Does anyone know why the output shape is turning out like that and how to fix it so that it’s 1x1x520x520?

As explained in the paper the spatial size of the output depends on the output_stride:

Recall that output stride is defined as the ratio of input image spatial resolution to final output resolution. For example, when output stride = 8, the last two blocks (block3 and block4 in our notation) in the original ResNet contains atrous convolution with rate = 2 and rate = 4 respectively.

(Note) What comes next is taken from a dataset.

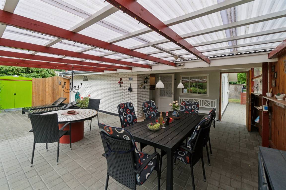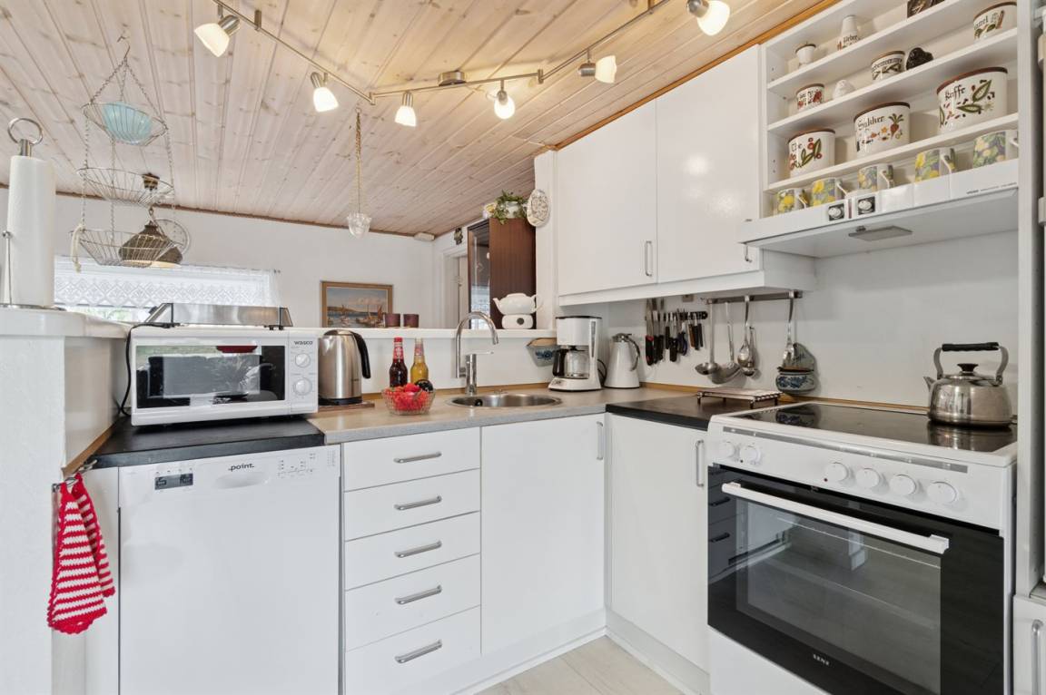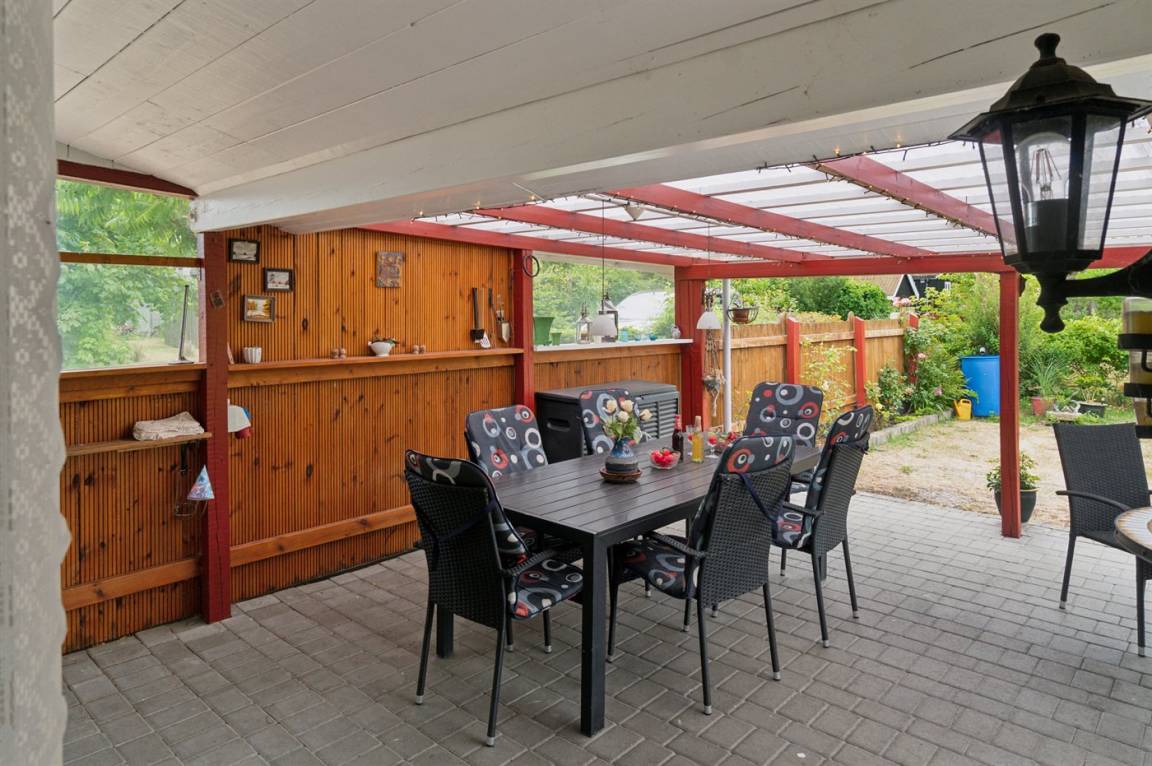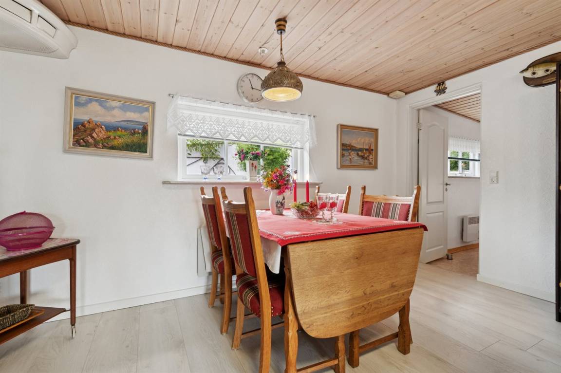 Ein gepflegtes und gemütlich eingerichtetes Ferienhaus auf einem Strandgrundstück – nur 50?Meter vom Wasser entfernt. Das Haus ist von einer teilweise überdachten Terrasse umgeben, auf der du den Blick über das Grundstück und das Meer genießen kannst – gut geschützt vor dem Wind.

And it seems the logits were upsampled:

Upsampling logits: In our previous works [ 10 , 11 ], the target groundtruths are downsampled by 8 during training when output stride = 8. We find it important to keep the groundtruths intact and instead upsample the final logits, since downsampling the groundtruths removes the fine annotations resulting in no back-propagation of details.

The 21 output channels should represent 20 classes + (I guess) 1 background class as given in the docs:

These weights were trained on a subset of COCO, using only the 20 categories that are present in the Pascal VOC dataset. Also available as DeepLabV3_ResNet50_Weights.DEFAULT.

Okay, starting to make more sense but I’m still a bit confused - so what should I do if I want the output image to have a shape of 520x520?

And how do I change the number of classes (I tried setting the num_classes parameter in the model to 1 but that gets an error saying that the model expected 21 for that parameter).

You are trying to load pre-trained model weight to it.
Don’t need pre-trained weight
use :
deeplabv3_resnet50(weights=None,num_classes=1)
and if it’s necessary, try:

Thanks, I just ended up just removing the last layer and it worked great.